Well, Adolf Hitler wrote in “Mein Kampf”:
“And so today I believe that my position is in accord with the will of the almighty Creator. By fighting the Jew, I defend God’s creation”.
Btw. Hitler was raised a Roman Catholic and never left the church. Although his faith later developed certain idiosyncrasies, the abrahamic god remained firmly in the center of his beliefs.
Frank doesn’t go far enough in his research. If he reads Ian Kershaw’s 2 Vol. ‘Hitler’ (Hubris and Nemesis) he will find Hitler’s true position on religion. It was far more than ‘idiosyncracies’. Just two examples:
“It is through the peasantry that we shall really be able to destroy Christianity because there is in them a true religion rooted in nature and blood.” His countrymen would have to choose: “One is either a Christian or a German. You can’t be both.”
And like Stalin, Hitler believed history was on his side: “Do you really believe the masses will ever be Christian again? Nonsense. Never again. The tale is finished… but we can hasten matters. The parsons will be made to dig their own graves.”

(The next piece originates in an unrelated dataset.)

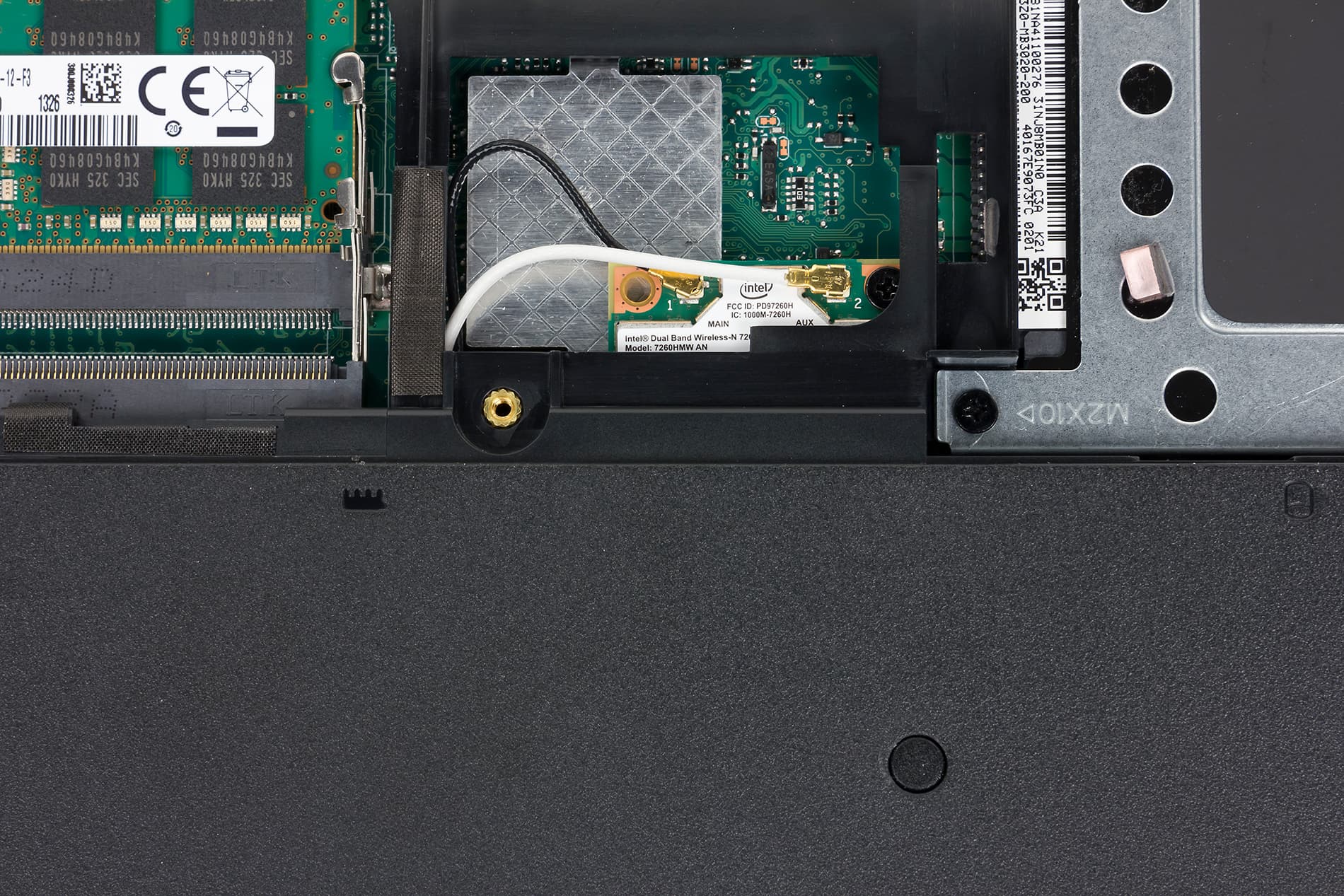Нижняя панель корпуса съемная, причем в ней имеется еще и отдельная съемная панель, сняв которую, можно получить доступ к модулю беспроводной связи, накопителю и модулям памяти. Сразу отметим, что конструкция этой съемной панели очень непродуманная, и снять ее, не повредив внутренних защелок, довольно непросто. Так что без острой необходимости лучше не экспериментировать.

Of course, competing quotes are always possible. Certainly he portrayed himself as Christian for political advantage (e.g. when he distnced himself from Ludendorf’s attack on the Church in 1924/5 because it would have been political suicide in Bavaria.)

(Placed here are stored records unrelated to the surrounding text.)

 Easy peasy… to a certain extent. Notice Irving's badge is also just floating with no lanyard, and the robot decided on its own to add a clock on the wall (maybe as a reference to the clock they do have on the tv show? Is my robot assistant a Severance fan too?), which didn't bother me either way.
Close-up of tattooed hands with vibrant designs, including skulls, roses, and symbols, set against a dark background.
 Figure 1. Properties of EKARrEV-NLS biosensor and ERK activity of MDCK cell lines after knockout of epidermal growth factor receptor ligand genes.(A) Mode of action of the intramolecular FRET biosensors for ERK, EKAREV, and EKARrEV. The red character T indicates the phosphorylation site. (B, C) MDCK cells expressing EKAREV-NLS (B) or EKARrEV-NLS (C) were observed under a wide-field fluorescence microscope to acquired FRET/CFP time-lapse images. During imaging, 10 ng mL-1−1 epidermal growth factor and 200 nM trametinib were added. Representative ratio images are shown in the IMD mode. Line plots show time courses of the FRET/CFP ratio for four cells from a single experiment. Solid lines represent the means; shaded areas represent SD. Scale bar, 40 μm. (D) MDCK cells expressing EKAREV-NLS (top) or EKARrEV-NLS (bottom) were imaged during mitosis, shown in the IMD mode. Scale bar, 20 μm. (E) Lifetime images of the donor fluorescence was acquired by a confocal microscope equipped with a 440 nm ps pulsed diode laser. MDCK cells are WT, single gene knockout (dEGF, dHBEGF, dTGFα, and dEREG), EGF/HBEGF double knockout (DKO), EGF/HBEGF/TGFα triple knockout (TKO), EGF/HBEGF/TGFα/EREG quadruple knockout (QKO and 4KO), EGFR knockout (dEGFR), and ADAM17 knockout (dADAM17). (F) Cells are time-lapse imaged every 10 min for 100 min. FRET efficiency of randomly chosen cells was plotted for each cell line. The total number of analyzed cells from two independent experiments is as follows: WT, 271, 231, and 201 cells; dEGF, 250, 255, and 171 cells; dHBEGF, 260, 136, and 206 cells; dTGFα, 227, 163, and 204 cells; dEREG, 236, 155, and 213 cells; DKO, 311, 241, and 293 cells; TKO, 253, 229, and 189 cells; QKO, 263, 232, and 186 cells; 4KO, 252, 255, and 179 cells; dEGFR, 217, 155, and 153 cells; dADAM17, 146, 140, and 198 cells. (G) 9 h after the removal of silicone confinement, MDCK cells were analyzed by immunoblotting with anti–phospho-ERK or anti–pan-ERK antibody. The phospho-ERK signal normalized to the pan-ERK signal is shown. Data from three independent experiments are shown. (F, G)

But no rational person can argue that Hitler’s views and actions could in any sense be described as Christian: Aryan racial supremacy, Races such as Slavs being considered sub-human, murder of disabled, mentally ill, homosexuals, etc. total, unlimited warfare to achieve German world domination with the Germans being a Master Race – and so on…………
Frank, I think you have just copied these quotes from somewhere without checking their validity. There are a lot of Hitler quotes about for which there is little authenticated support. If you want your evidence that Hitler was anti-christian to be taken seriously, then please identify the sources of your material.
For a start, Hitler did not actually say “One is either a Christian or a German. You can’t be both.” That is a quote attributed to him by Hermann Rauschning. The quote “It is through the peasantry that we shall really be able to destroy Christianity” was not said by Hitler. It’s source is from a website publishing documents prepared for the International Military Tribunal at Nuremberg, a person (I cannot actually find the author’s name) defending himself against the charge of being a Nazi, saying he was revolted by Hitler’s anti-Nazi stance. There is so much allegedly quoted by Hitler that it would have been impossible for the author to remember even a fraction of it word by word. So we must be careful about this attribution.
Valid evidence of Hitler’s beliefs are words said by him which can be independently corroborated, such us:
In a speech at Koblenz, August 26, 1934, Hitler said: “National Socialism neither opposes the Church nor is it anti-religious, but on the contrary it stands on the ground of a real Christianity . . . For their interests cannot fail to coincide with ours alike in our fight against the symptoms of degeneracy in the world of today, in our fight against a Bolshevist culture, against atheistic movement, against criminality, and in our struggle for a consciousness of a community in our national life . . . These are not anti-Christian, these are Christian principles!”